TASK OBJECTIVE: From the material below, retype exactly the lines that begin at the line with "Vous le retrouvez" and end after the line with "Newspaper article reporting"; pictures stay out of the copy.

EXTRACTED ENTRIES:
============
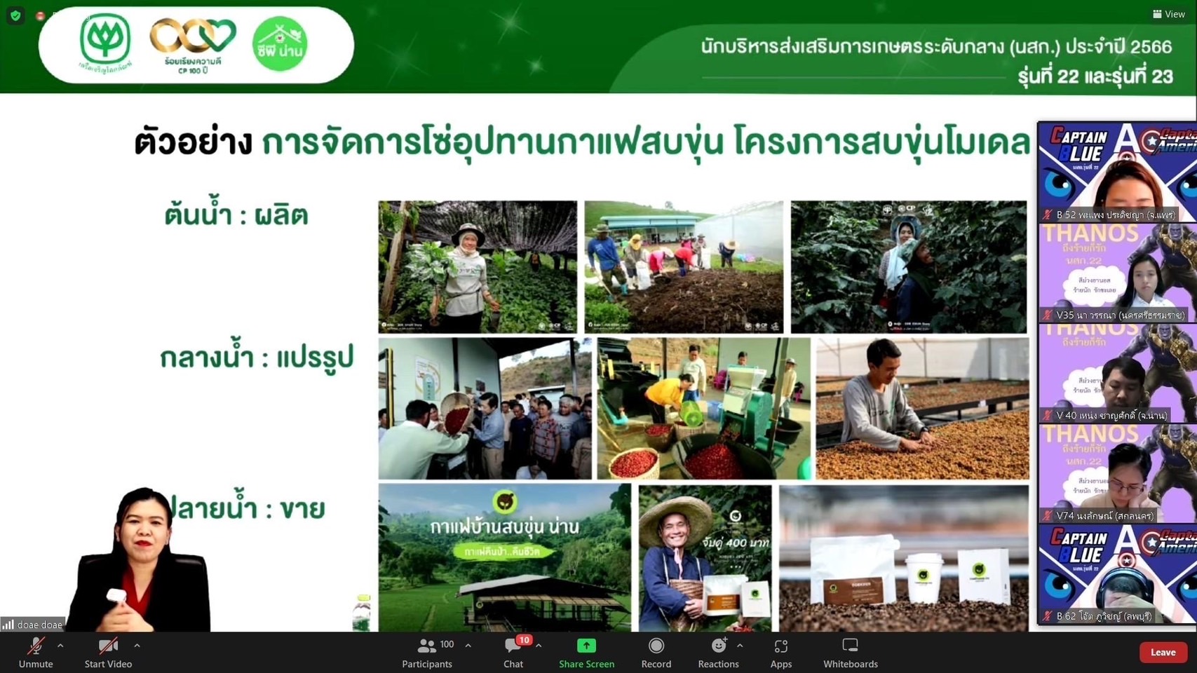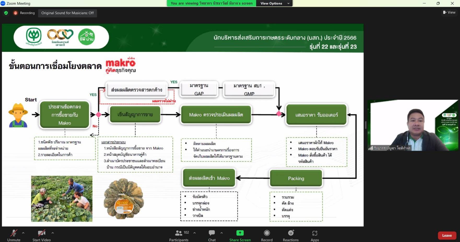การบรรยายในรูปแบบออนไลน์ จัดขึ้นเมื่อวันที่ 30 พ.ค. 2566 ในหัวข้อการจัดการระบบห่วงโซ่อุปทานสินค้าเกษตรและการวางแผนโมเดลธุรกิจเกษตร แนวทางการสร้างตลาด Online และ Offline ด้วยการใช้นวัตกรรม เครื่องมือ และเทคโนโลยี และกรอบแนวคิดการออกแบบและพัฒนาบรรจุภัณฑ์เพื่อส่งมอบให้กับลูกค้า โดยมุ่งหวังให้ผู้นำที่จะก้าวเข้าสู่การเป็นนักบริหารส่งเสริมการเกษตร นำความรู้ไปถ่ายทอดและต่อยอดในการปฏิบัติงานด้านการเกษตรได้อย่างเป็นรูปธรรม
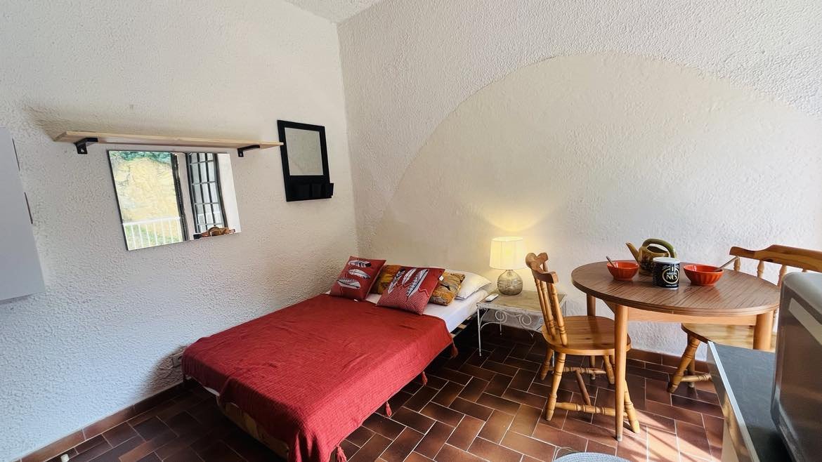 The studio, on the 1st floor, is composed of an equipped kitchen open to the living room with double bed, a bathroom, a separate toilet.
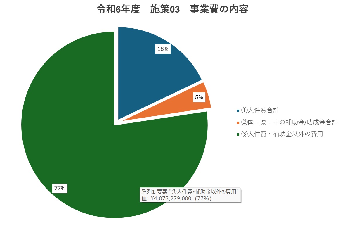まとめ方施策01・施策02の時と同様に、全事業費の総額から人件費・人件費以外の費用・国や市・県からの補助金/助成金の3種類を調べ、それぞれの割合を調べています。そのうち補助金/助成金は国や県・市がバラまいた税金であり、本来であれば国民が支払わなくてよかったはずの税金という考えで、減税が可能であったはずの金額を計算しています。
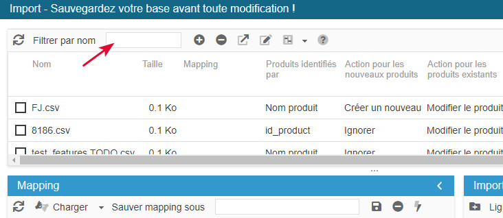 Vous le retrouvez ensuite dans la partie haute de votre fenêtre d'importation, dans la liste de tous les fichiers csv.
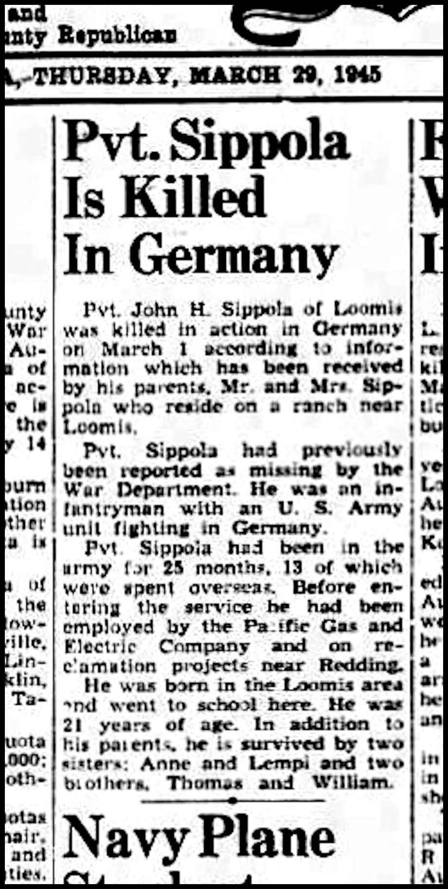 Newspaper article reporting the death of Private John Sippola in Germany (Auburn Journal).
============
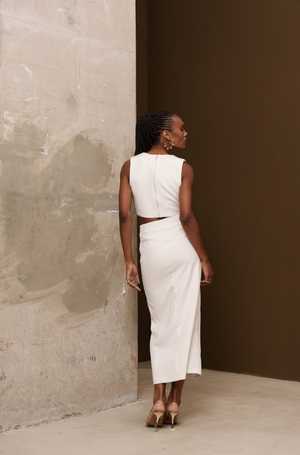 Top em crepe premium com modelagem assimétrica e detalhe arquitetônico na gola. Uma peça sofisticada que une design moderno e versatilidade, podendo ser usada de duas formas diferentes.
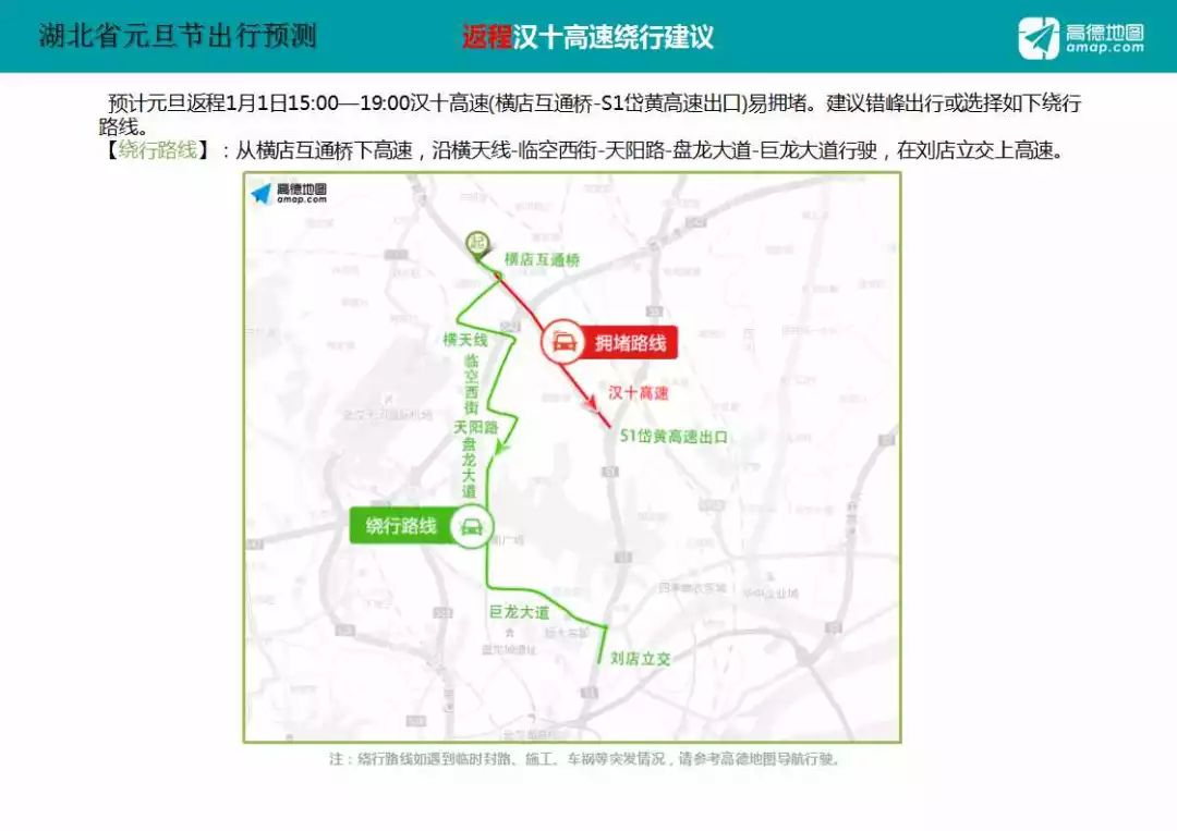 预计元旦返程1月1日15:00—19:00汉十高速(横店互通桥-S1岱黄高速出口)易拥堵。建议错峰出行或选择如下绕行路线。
============
SOLUTION TO THE PROBLEM:
 Vous le retrouvez ensuite dans la partie haute de votre fenêtre d'importation, dans la liste de tous les fichiers csv.
 Newspaper article reporting the death of Private John Sippola in Germany (Auburn Journal).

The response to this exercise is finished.